## Required action
From the line with "9月2日,據(jù)梧州市自" to the line with "SMOK NORD Coils", output every line below exactly, both ends included. Skip the pictures.

*** Opening Source records ***

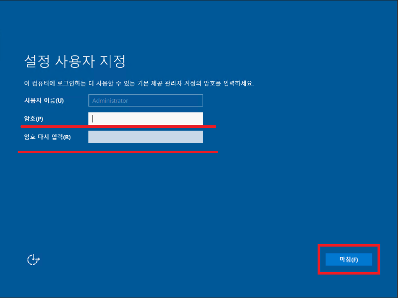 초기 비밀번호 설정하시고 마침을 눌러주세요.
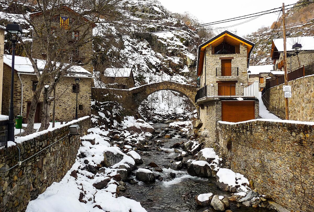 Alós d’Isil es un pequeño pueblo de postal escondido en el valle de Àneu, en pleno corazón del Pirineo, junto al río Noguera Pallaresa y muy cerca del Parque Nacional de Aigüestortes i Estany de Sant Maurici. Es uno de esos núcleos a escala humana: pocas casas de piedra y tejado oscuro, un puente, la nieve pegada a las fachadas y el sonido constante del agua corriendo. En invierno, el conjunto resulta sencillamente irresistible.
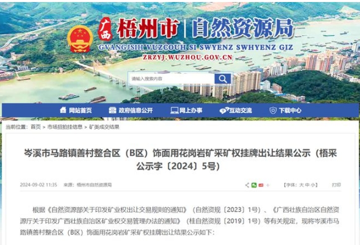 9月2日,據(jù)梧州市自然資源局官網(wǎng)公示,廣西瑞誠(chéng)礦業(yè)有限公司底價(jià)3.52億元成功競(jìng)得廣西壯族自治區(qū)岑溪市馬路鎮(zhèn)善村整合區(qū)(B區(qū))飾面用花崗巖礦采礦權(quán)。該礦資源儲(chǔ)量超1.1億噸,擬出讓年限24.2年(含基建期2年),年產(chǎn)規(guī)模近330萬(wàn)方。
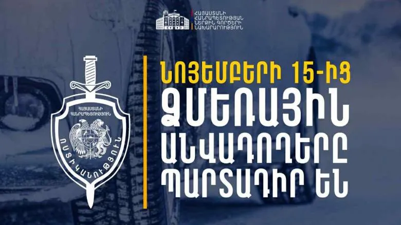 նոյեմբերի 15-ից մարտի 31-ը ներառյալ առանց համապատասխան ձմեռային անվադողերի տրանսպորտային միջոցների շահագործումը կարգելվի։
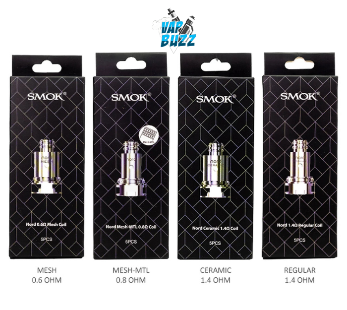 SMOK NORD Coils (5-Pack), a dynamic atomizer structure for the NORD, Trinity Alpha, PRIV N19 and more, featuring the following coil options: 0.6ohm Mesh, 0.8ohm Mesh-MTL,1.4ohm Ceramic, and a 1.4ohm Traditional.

*** Closing Source records ***
*** Opening Source records ***

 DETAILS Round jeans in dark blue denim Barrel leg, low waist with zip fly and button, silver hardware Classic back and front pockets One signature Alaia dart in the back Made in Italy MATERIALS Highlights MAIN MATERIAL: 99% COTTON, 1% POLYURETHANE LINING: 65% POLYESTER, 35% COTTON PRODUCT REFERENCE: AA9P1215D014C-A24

*** Closing Source records ***
*** Opening Source records ***

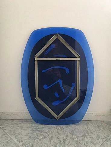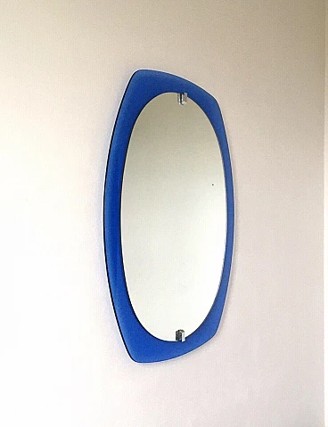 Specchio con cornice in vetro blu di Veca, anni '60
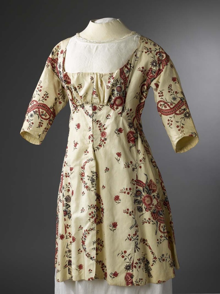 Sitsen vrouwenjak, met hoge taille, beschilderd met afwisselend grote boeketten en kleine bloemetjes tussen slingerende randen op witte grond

*** Closing Source records ***

## Exercise result
 9月2日,據(jù)梧州市自然資源局官網(wǎng)公示,廣西瑞誠(chéng)礦業(yè)有限公司底價(jià)3.52億元成功競(jìng)得廣西壯族自治區(qū)岑溪市馬路鎮(zhèn)善村整合區(qū)(B區(qū))飾面用花崗巖礦采礦權(quán)。該礦資源儲(chǔ)量超1.1億噸,擬出讓年限24.2年(含基建期2年),年產(chǎn)規(guī)模近330萬(wàn)方。
 նոյեմբերի 15-ից մարտի 31-ը ներառյալ առանց համապատասխան ձմեռային անվադողերի տրանսպորտային միջոցների շահագործումը կարգելվի։
 SMOK NORD Coils (5-Pack), a dynamic atomizer structure for the NORD, Trinity Alpha, PRIV N19 and more, featuring the following coil options: 0.6ohm Mesh, 0.8ohm Mesh-MTL,1.4ohm Ceramic, and a 1.4ohm Traditional.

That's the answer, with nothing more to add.